- What is needed:
The result should be the full listing copied exactly, with no pictures in it.

*** Begin section ***

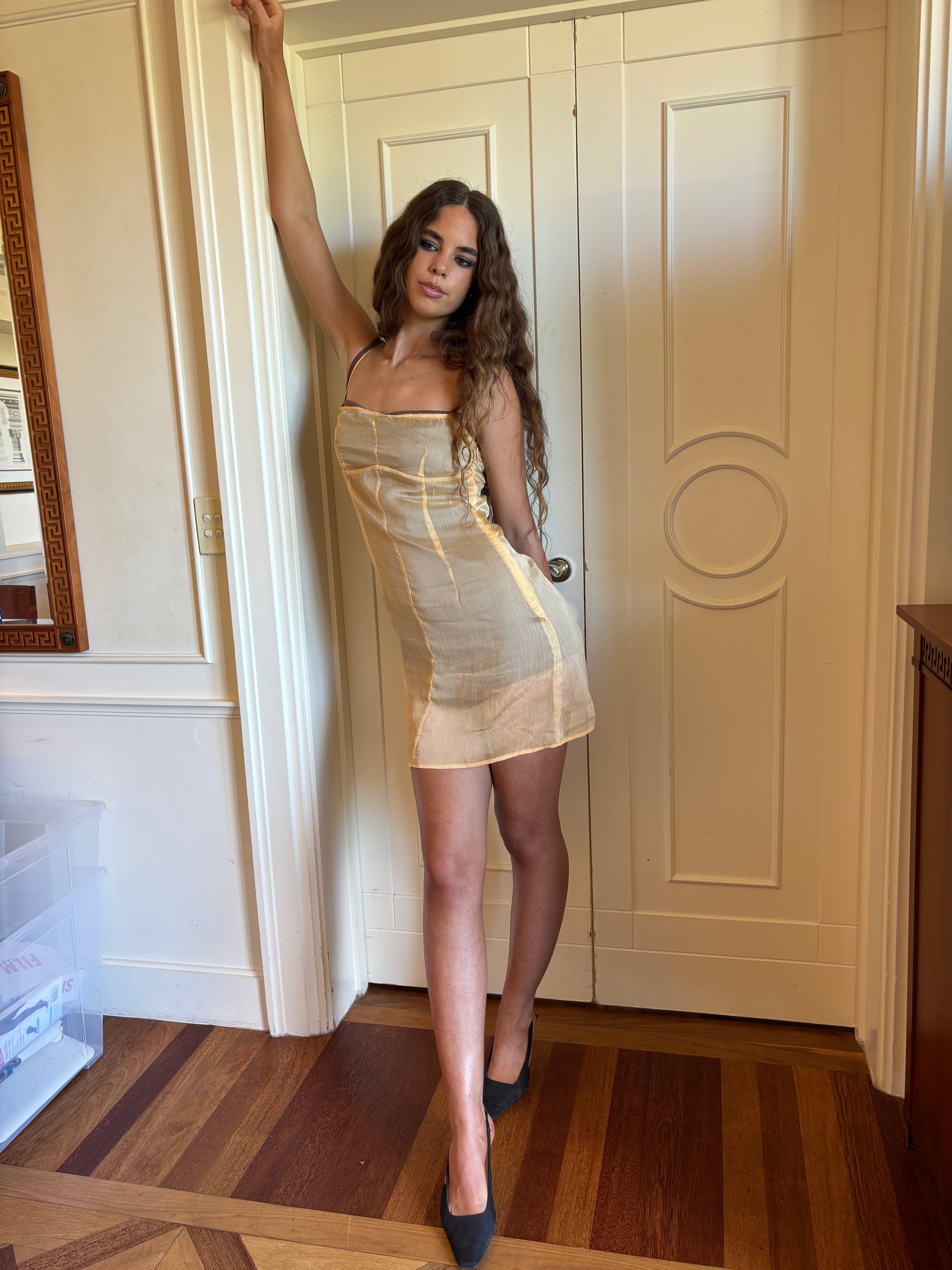 Sheer outer dress inspired by the Amara Maxi, adjustable strap and invisible side zip
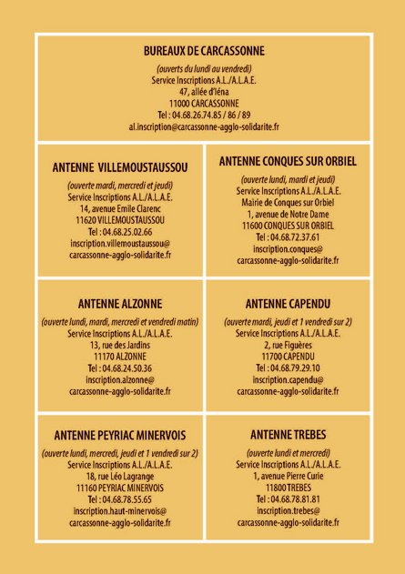 Pour inscrire votre enfant, vous pouvez effectuer votre réservation directement en ligne via le Portail Famille à l’adresse suivante https://portalssl.agoraplus.fr/carcassonne/pck_home.home_view# ou contactez l’antenne de Villemoustaussou au 04.68.25.02.66 (le mardi, mercredi et jeudi de 9h00 à 12h00 et de 13h30 à 17h00), les personnes ayant pris rendez-vous seront prioritaires.
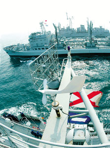 此次演練中,補(bǔ)給演練尤其引人注目。當(dāng)中方指揮員張盤洪少將下達(dá)補(bǔ)給命令后,“哈爾濱”號(hào)、“拉圖什特威爾”號(hào)和“比羅司令”號(hào)3條戰(zhàn)艦呈倒品字形圍繞“洪澤湖”號(hào)航行,先后進(jìn)行了3艦同時(shí)補(bǔ)給和單艦補(bǔ)給模擬演練。據(jù)了解,補(bǔ)給演練內(nèi)容是延長(zhǎng)戰(zhàn)斗力的訓(xùn)練課目,是檢驗(yàn)海軍遠(yuǎn)海聯(lián)合作戰(zhàn)能力的訓(xùn)練。
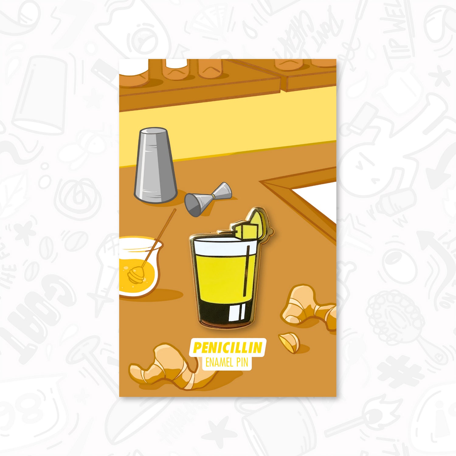Embrace the smoky allure of the Penicillin cocktail with this enamel pin. Designed to capture the essence of this modern classic of Scotch whisky, honey-ginger syrup, lemon juice and a splash of Islay Scotch.
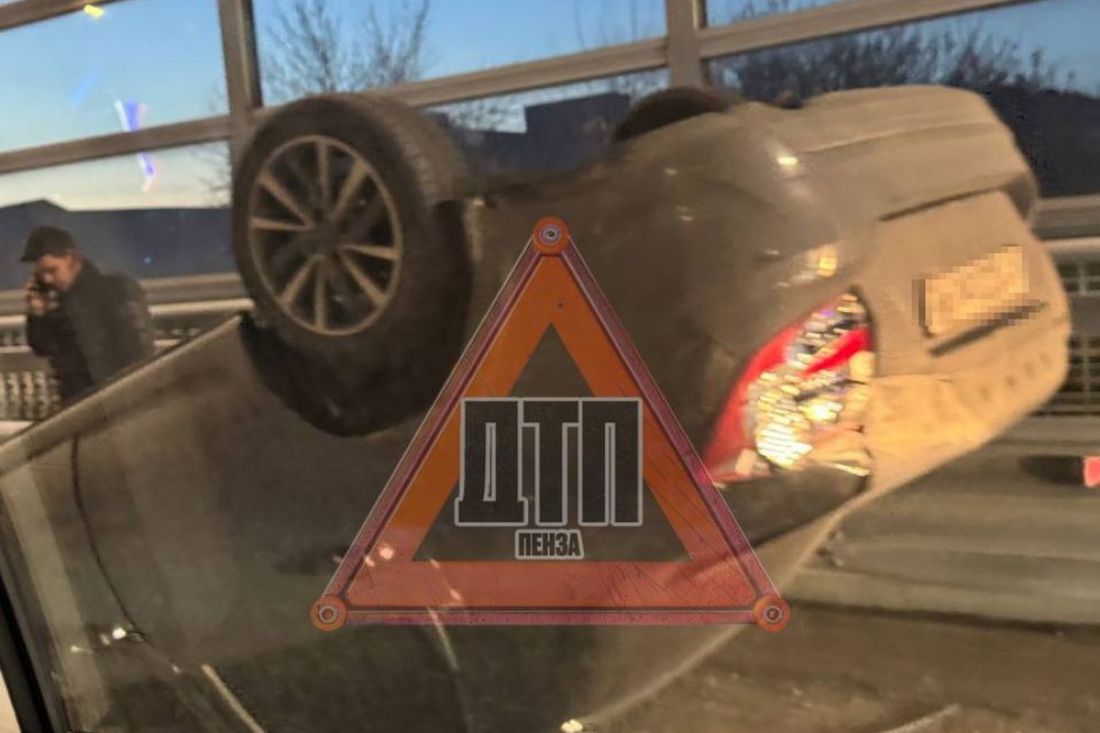 На мосту Капашина в Пензе сняли видео с опрокинувшимся на крышу автомобилем
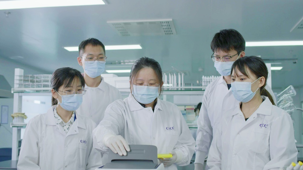 姚粟带领团队进行微生物菌种分类鉴定实验
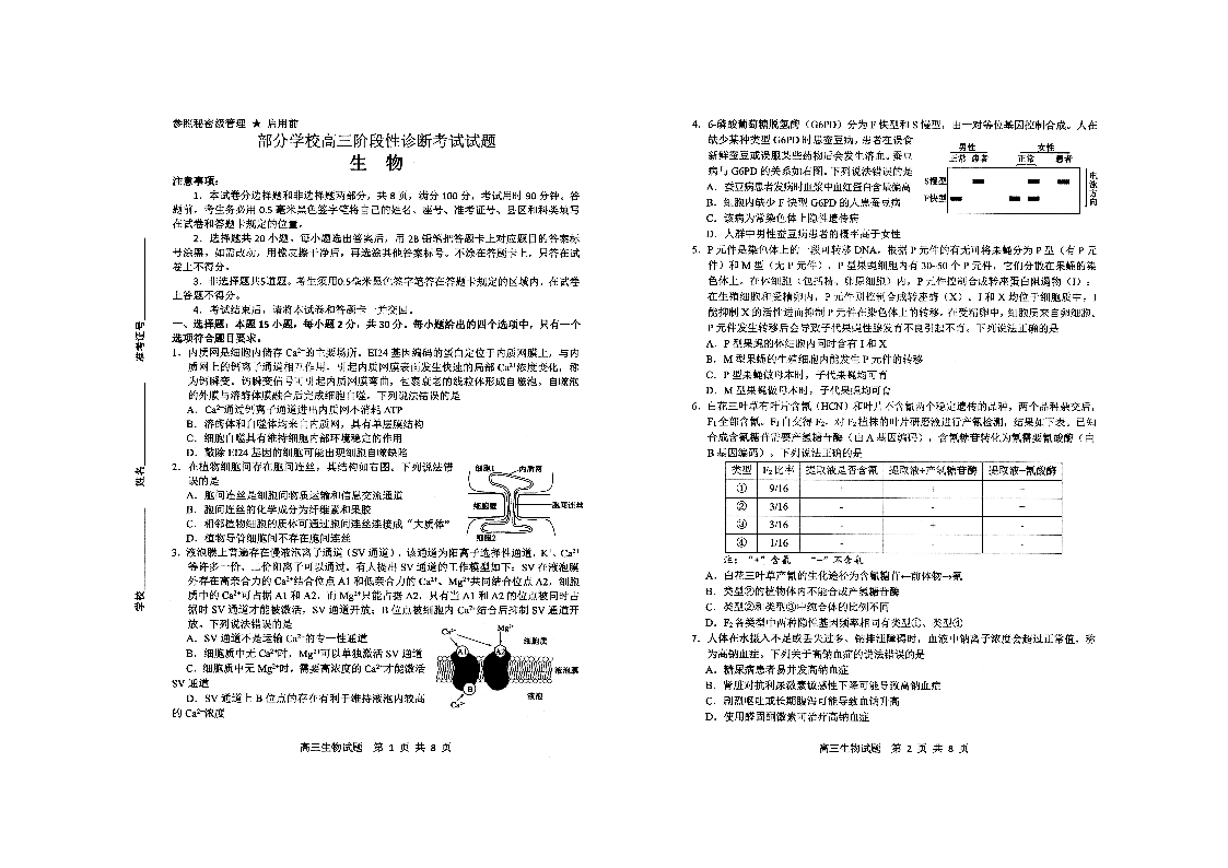 7山东省淄博市2023.4高三年级第二次模拟考试生物
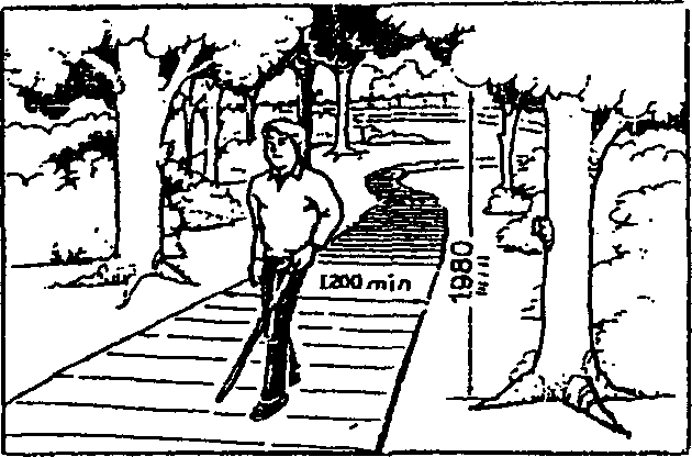 Все пешеходные пути должны быть шириной не менее 1200 мм и через каждые 30 м иметь расширение для обгона. Для свободного движения требуются более широкие пути.
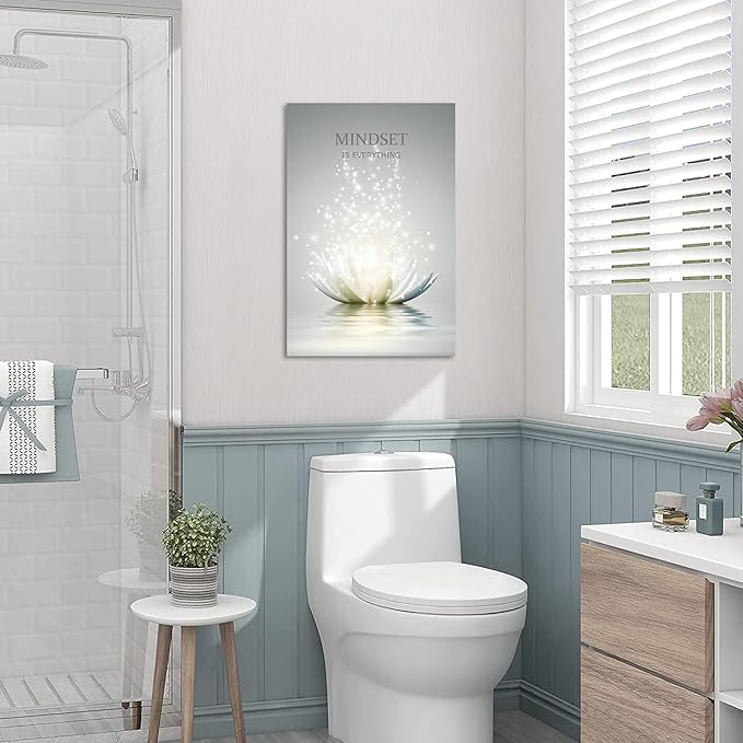 Lotus Flower Wall Art Canvas Mindset Motivational Quotes Poster for Zen Office Wall Decor Spiritual Meditation Prints Artwork Framed (12 x 16inches)
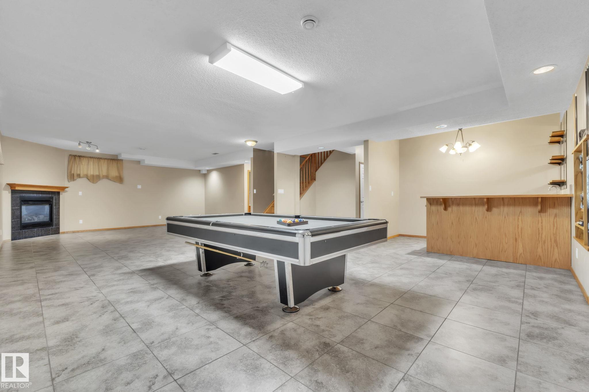 Your next ADDRESS awaits in SUMMERSIDE with quick possession! Located steps from the lake in a quiet cul-de-sac, this beautiful bungalow offers style, space, and an unbeatable location.The main floor features a bright open concept layout with vaulted ceilings, a versatile formal dining room/den/home office, and a spacious kitchen complete with SS appliances, corner pantry, and central island. The eating nook opens to a deck, concrete pad and fenced yard, perfect for relaxing or entertaining.Living room filled with natural light and centered around a gas fireplace with surrounding windows. Enjoy the convenience of main floor laundry, a primary suite with 4-piece ensuite, 2nd bedroom and full bathroom. The fully finished basement is built for entertaining with in-floor heating, a second fireplace, massive rec room, wet bar, and pool table (included!).2 additional bedrooms, bathroom, and plenty of storage complete this level.Hardwood floors on the main and a heated garage! Corner lot for added privacy!
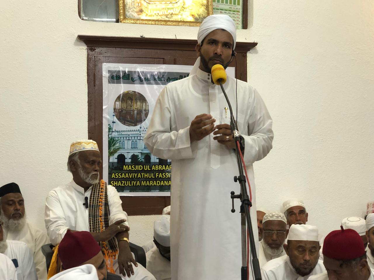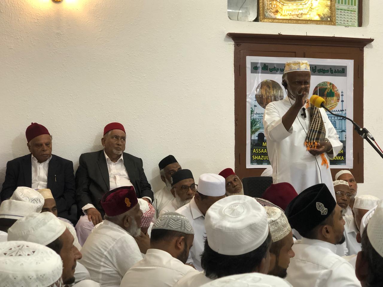 கலீபதுல் குலபா மௌலவி எம்.இஸட்.முஹம்மத்ஸுஹுர் (பாரி) இங்கு பேசும்போது ஆன்மீகத்திற்கும் கல்விக்கும் முக்கியத்துவம் வழங்கிய தரிக்கவாக எமது ஷாதுலிய்யா தரீக்கா திகழ்கிறது. தரீக்கா காட்டிய திக்ர்,ஸலவாத் உட்பட ஏனைய நல்ல அமல்களை கொண்டு ஸாவியாக்களை உயிரூட்டுவோம்.ஷாதுலிய்யா தரீக்கா இன்று முழு உலகிலும் பல கோடி மக்களால் பின்பற்றப்படுகிறது என்றார்.
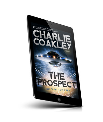 “A futuristic UFO hovering over a dynamic, electrified landscape, with a bold title and dramatic lighting effects.”
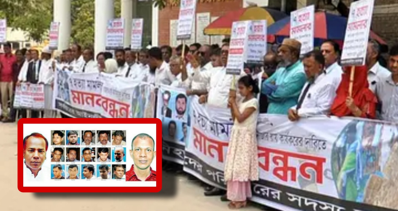 ৭ খুন মামলার বাদীপক্ষের আইনজীবী সাখাওয়াত হোসেনের সভাপতিত্বে মানববন্ধনে বক্তব্য দেন নিহত আইনজীবী চন্দন সরকারের ভাগনে প্রিয়তম কুমার দেব, নিহত মনিরুজ্জামানের (স্বপন) গাড়িচালক জাহাঙ্গীর আলমের স্ত্রী সামসুন নাহার (নুপুর) প্রমুখ।
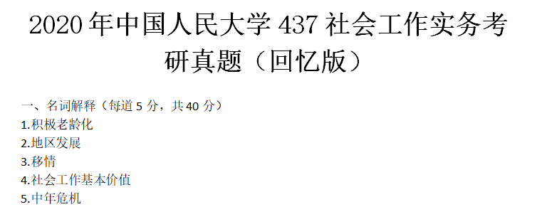 完整版请下载附件:2020年中国人民大学437社会工作实务考研真题(回忆版)
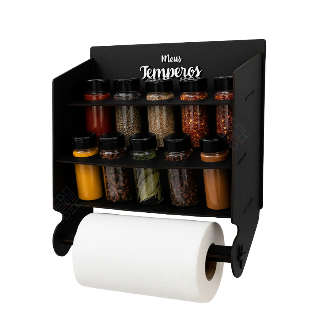 Você já pensou em transformar sua cozinha em um ambiente mais organizado e aconchegante? O nosso Suporte Porta Temperos e Porta Papel Toalha é perfeito para quem busca praticidade e eficiência na hora de cozinhar. Otimize espaço e Organize seus temperos com praticidade e estilo. Com capacidade para 10 potes de temperos, já inclusos, você terá fácil acesso aos seus condimentos favoritos.
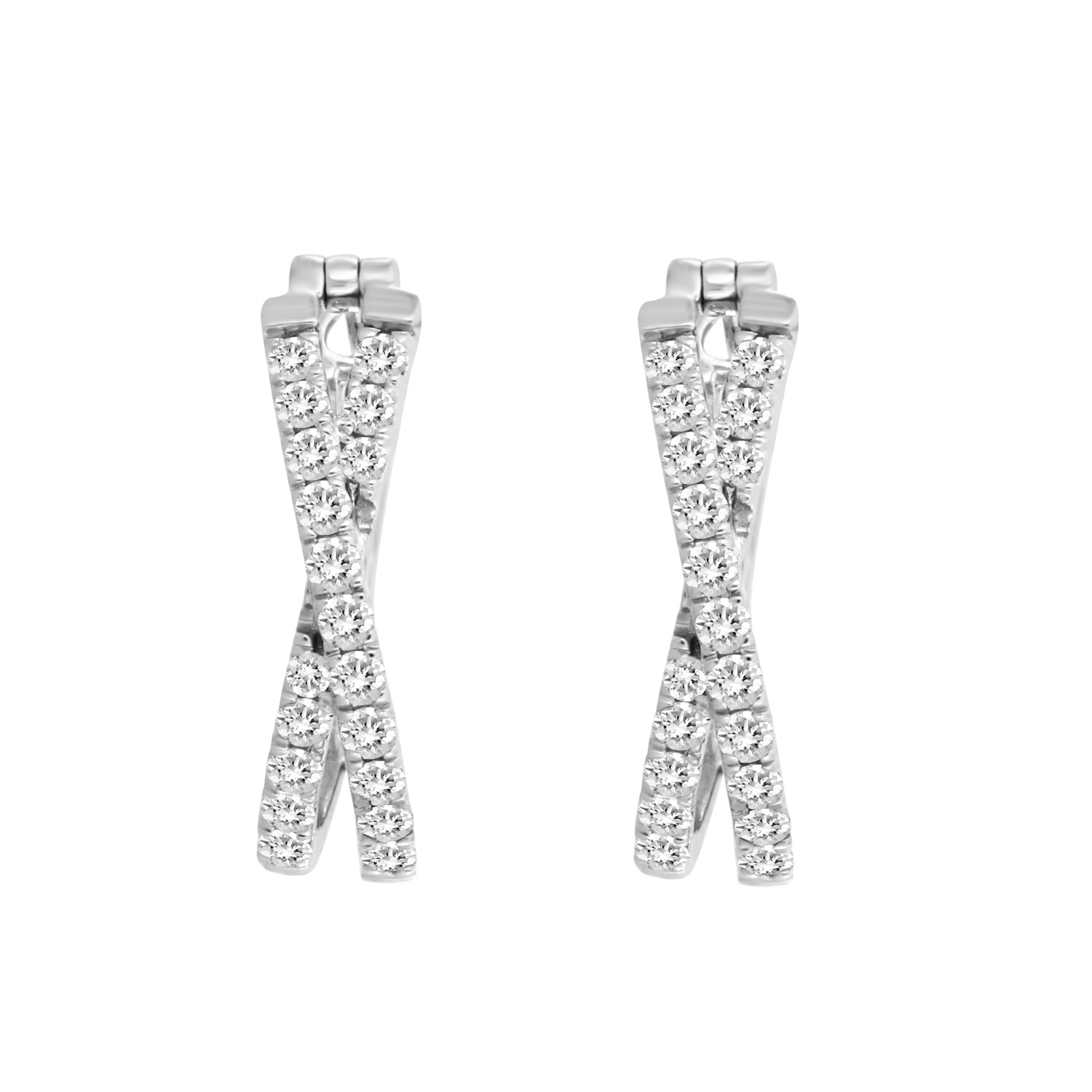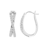 LADIES HOOPS EARRINGS 1.00CT ROUND DIAMOND 10K WHITE GOLD

*** End section ***

- Task result:
 Sheer outer dress inspired by the Amara Maxi, adjustable strap and invisible side zip
 Pour inscrire votre enfant, vous pouvez effectuer votre réservation directement en ligne via le Portail Famille à l’adresse suivante https://portalssl.agoraplus.fr/carcassonne/pck_home.home_view# ou contactez l’antenne de Villemoustaussou au 04.68.25.02.66 (le mardi, mercredi et jeudi de 9h00 à 12h00 et de 13h30 à 17h00), les personnes ayant pris rendez-vous seront prioritaires.
 此次演練中,補(bǔ)給演練尤其引人注目。當(dāng)中方指揮員張盤洪少將下達(dá)補(bǔ)給命令后,“哈爾濱”號(hào)、“拉圖什特威爾”號(hào)和“比羅司令”號(hào)3條戰(zhàn)艦呈倒品字形圍繞“洪澤湖”號(hào)航行,先后進(jìn)行了3艦同時(shí)補(bǔ)給和單艦補(bǔ)給模擬演練。據(jù)了解,補(bǔ)給演練內(nèi)容是延長(zhǎng)戰(zhàn)斗力的訓(xùn)練課目,是檢驗(yàn)海軍遠(yuǎn)海聯(lián)合作戰(zhàn)能力的訓(xùn)練。
Embrace the smoky allure of the Penicillin cocktail with this enamel pin. Designed to capture the essence of this modern classic of Scotch whisky, honey-ginger syrup, lemon juice and a splash of Islay Scotch.
 На мосту Капашина в Пензе сняли видео с опрокинувшимся на крышу автомобилем
 姚粟带领团队进行微生物菌种分类鉴定实验
 7山东省淄博市2023.4高三年级第二次模拟考试生物
 Все пешеходные пути должны быть шириной не менее 1200 мм и через каждые 30 м иметь расширение для обгона. Для свободного движения требуются более широкие пути.
 Lotus Flower Wall Art Canvas Mindset Motivational Quotes Poster for Zen Office Wall Decor Spiritual Meditation Prints Artwork Framed (12 x 16inches)
 Your next ADDRESS awaits in SUMMERSIDE with quick possession! Located steps from the lake in a quiet cul-de-sac, this beautiful bungalow offers style, space, and an unbeatable location.The main floor features a bright open concept layout with vaulted ceilings, a versatile formal dining room/den/home office, and a spacious kitchen complete with SS appliances, corner pantry, and central island. The eating nook opens to a deck, concrete pad and fenced yard, perfect for relaxing or entertaining.Living room filled with natural light and centered around a gas fireplace with surrounding windows. Enjoy the convenience of main floor laundry, a primary suite with 4-piece ensuite, 2nd bedroom and full bathroom. The fully finished basement is built for entertaining with in-floor heating, a second fireplace, massive rec room, wet bar, and pool table (included!).2 additional bedrooms, bathroom, and plenty of storage complete this level.Hardwood floors on the main and a heated garage! Corner lot for added privacy!
 கலீபதுல் குலபா மௌலவி எம்.இஸட்.முஹம்மத்ஸுஹுர் (பாரி) இங்கு பேசும்போது ஆன்மீகத்திற்கும் கல்விக்கும் முக்கியத்துவம் வழங்கிய தரிக்கவாக எமது ஷாதுலிய்யா தரீக்கா திகழ்கிறது. தரீக்கா காட்டிய திக்ர்,ஸலவாத் உட்பட ஏனைய நல்ல அமல்களை கொண்டு ஸாவியாக்களை உயிரூட்டுவோம்.ஷாதுலிய்யா தரீக்கா இன்று முழு உலகிலும் பல கோடி மக்களால் பின்பற்றப்படுகிறது என்றார்.
 “A futuristic UFO hovering over a dynamic, electrified landscape, with a bold title and dramatic lighting effects.”
 ৭ খুন মামলার বাদীপক্ষের আইনজীবী সাখাওয়াত হোসেনের সভাপতিত্বে মানববন্ধনে বক্তব্য দেন নিহত আইনজীবী চন্দন সরকারের ভাগনে প্রিয়তম কুমার দেব, নিহত মনিরুজ্জামানের (স্বপন) গাড়িচালক জাহাঙ্গীর আলমের স্ত্রী সামসুন নাহার (নুপুর) প্রমুখ।
 完整版请下载附件:2020年中国人民大学437社会工作实务考研真题(回忆版)
 Você já pensou em transformar sua cozinha em um ambiente mais organizado e aconchegante? O nosso Suporte Porta Temperos e Porta Papel Toalha é perfeito para quem busca praticidade e eficiência na hora de cozinhar. Otimize espaço e Organize seus temperos com praticidade e estilo. Com capacidade para 10 potes de temperos, já inclusos, você terá fácil acesso aos seus condimentos favoritos.
 LADIES HOOPS EARRINGS 1.00CT ROUND DIAMOND 10K WHITE GOLD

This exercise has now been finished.